Die Natur kennt bekanntermaßen keinen Abfall. Im Gegensatz dazu entstehen bei der weltweiten Lederherstellung, die auf 15 Megatonnen pro Jahr geschätzt wird, enorme Mengen an Abfall. Neben China, Brasilien und Russland gehört Mexiko zu den Top-10 der Leder produzierenden Nationen. Lederabfälle stellen für Mexiko ein großes ökologisches und ökonomisches Problem dar, denn oft werden sie deponiert oder verbrannt. Auch die Polymerindustrie steht vor einem ökologischen Dilemma, da Verbraucher nachhaltigere Materialien möchten, ohne dabei auf Materialeigenschaften oder Sicherheitsaspekte wie Flammschutz verzichten zu müssen. Eine Überschneidung des Themas der nachhaltigen Polymere und des Lederabfalls in Mexiko findet sich in einem innovativen Projekt der BAM mit dem Forschungsinstitut CIATEC in Mexiko, das die Möglichkeiten von „Upcycling“ von Lederabfällen als multifunktionales Füllmaterial für Kunststoffe untersucht.

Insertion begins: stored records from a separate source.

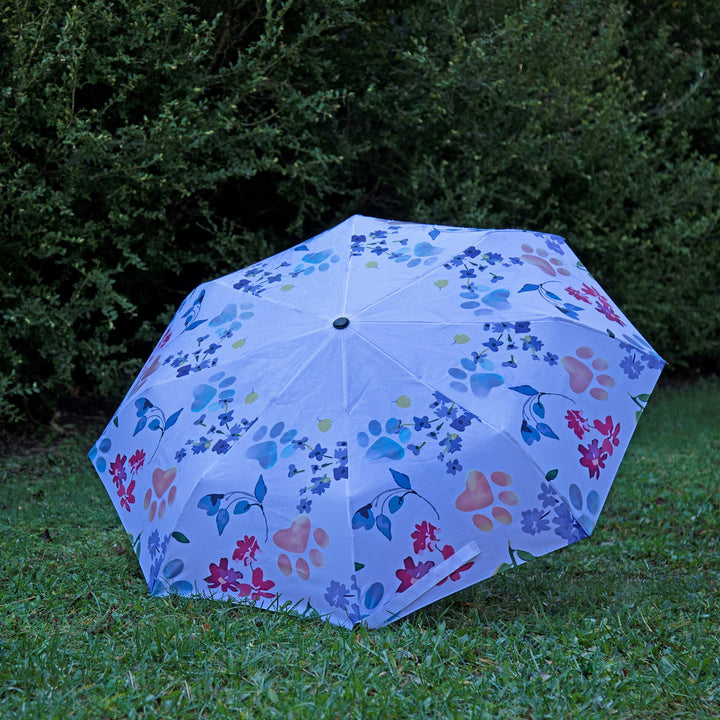 Hearts, paws, and flowers pattern each umbrella like confetti, keeping you dry when the weather has other plans! Made with an automatic open/close button and a comfortable rubberized handle, all of which fits compactly in your bag or car until needed.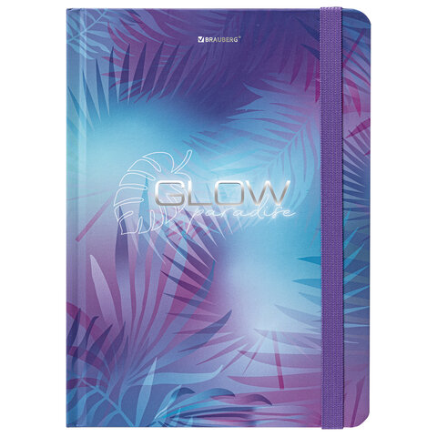 Блокнот с резинкой в клетку 96 л., А5, 145х203 мм, твердая обложка с фольгой, BRAUBERG, "Glow", 113729
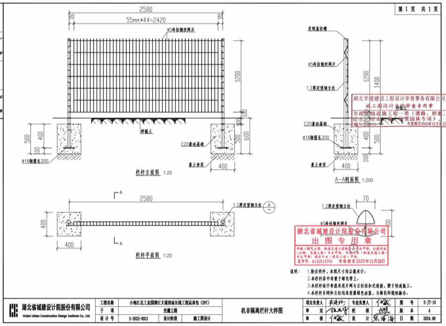 3.本栏杆设计考虑采用片网与立柱拉扣式连接,便于快速施工。

Im Rahmen des Kooperationsprojekts mit mexikanischen Wissenschaftler*innen wurde untersucht, ob Lederabfälle als Füllstoffe für herkömmliche Polymere dienen können. Im Fokus lag dabei vor allem ihre Flammschutzwirkung. Vorherige Untersuchungen an Keratin- und Agavefasern zeigten, dass diese Bio-Füllstoffe den Kunststoffanteil des Werkstoffes reduzieren können und somit auch die Brandeigenschaften verbessern.

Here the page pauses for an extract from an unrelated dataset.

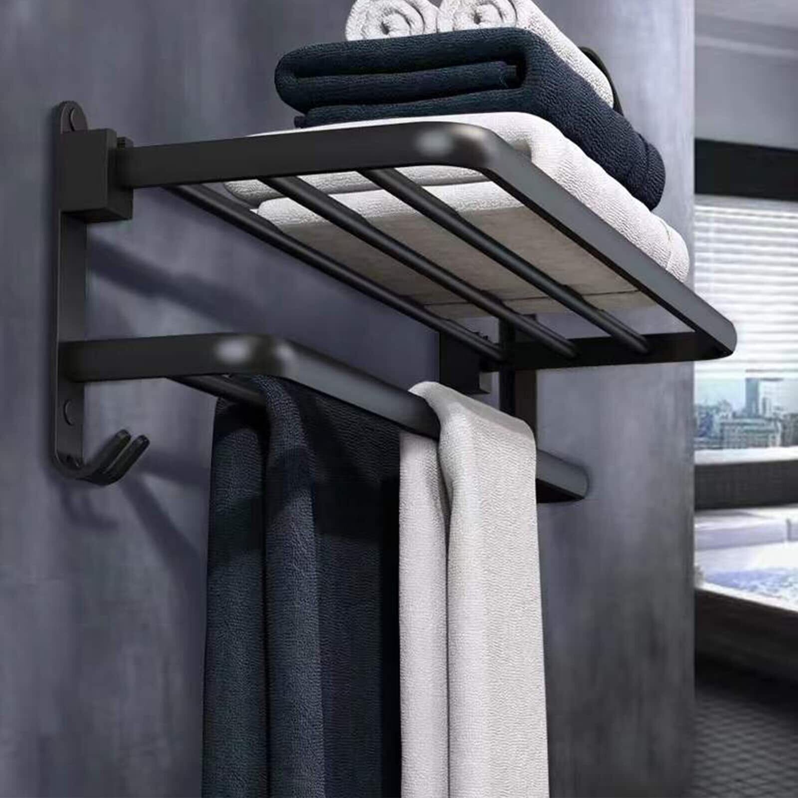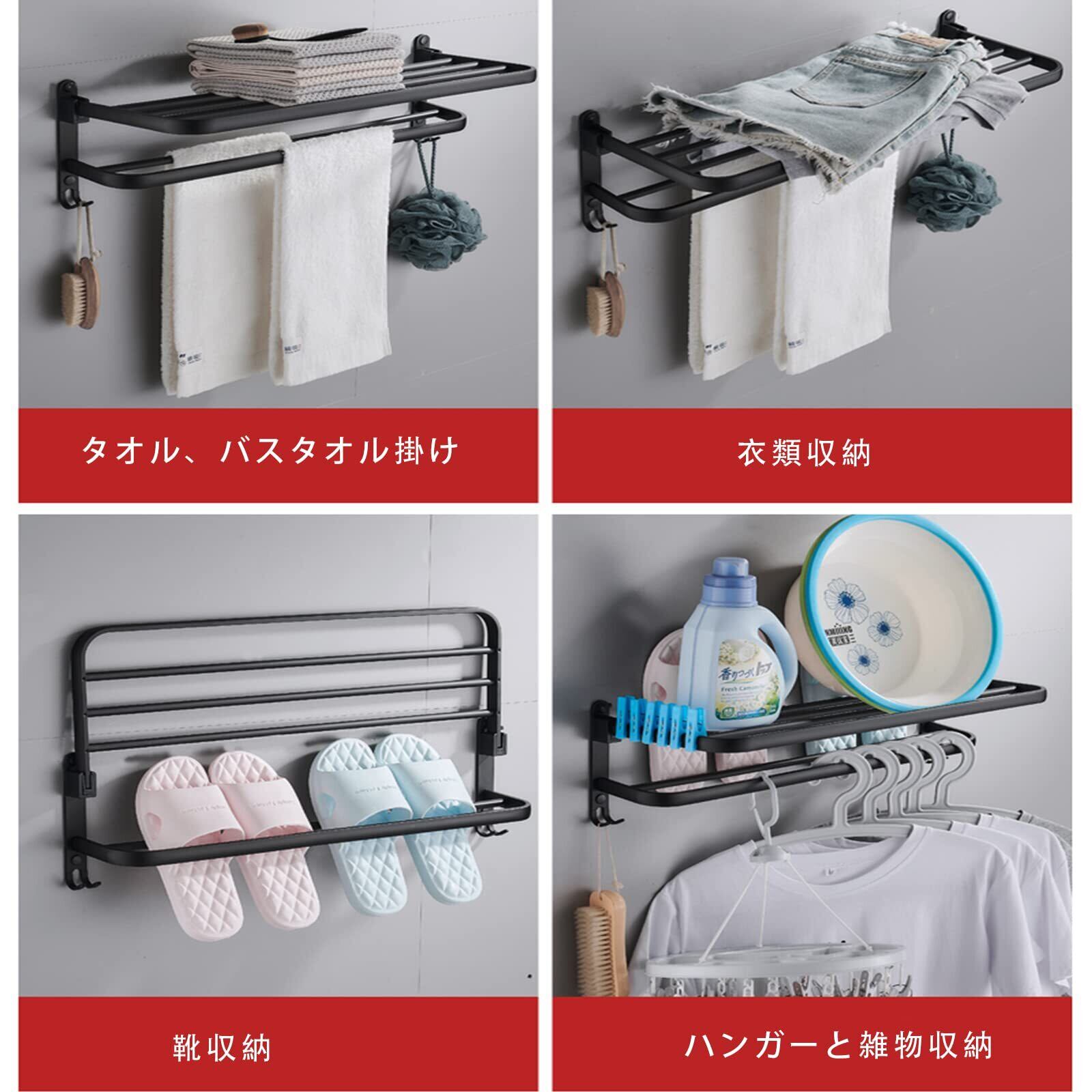 【製品仕様】商品名:タオル掛け / バスタオル ハンガー 本体サイズ: 39*23*18.7cm カラー:ブラック 材質:アルミニウム 設計:2層

Die Untersuchungen ergaben, dass Lederfasern einen synergistischen Effekt mit konventionellen phosphorhaltigen Flammschutzmitteln in Ethylen-Vinylacetat-Copolymeren (EVA), einem Material der Kabelindustrie, zeigen. Kunststoffproben, die 10 Gewichtsprozent Lederfasern und 20 Gewichtsprozent Flammschutzmittel enthielten, erzielten eine niedrigere Brandlast und bessere Brandeigenschaften als Vergleichsproben, die keine Lederfaser und 30 Gewichtsprozent Flammschutzmittel enthielten. Bei erhöhter Temperatur schmilzt ungeschütztes EVA, doch im Brand entwickelte sich bei den Kompositen mit Lederfasern eine verkohlte Schicht, welche die Kunststoffmatrix vor Wärmestrahlung und weiterem Massenverlust schützte. Die im Lederabfall enthaltene Proteine, wie z.B. Kollagene, dienen beim Zersetzungsprozess als Reaktionspartner für das Flammschutzmittel und die Matrix.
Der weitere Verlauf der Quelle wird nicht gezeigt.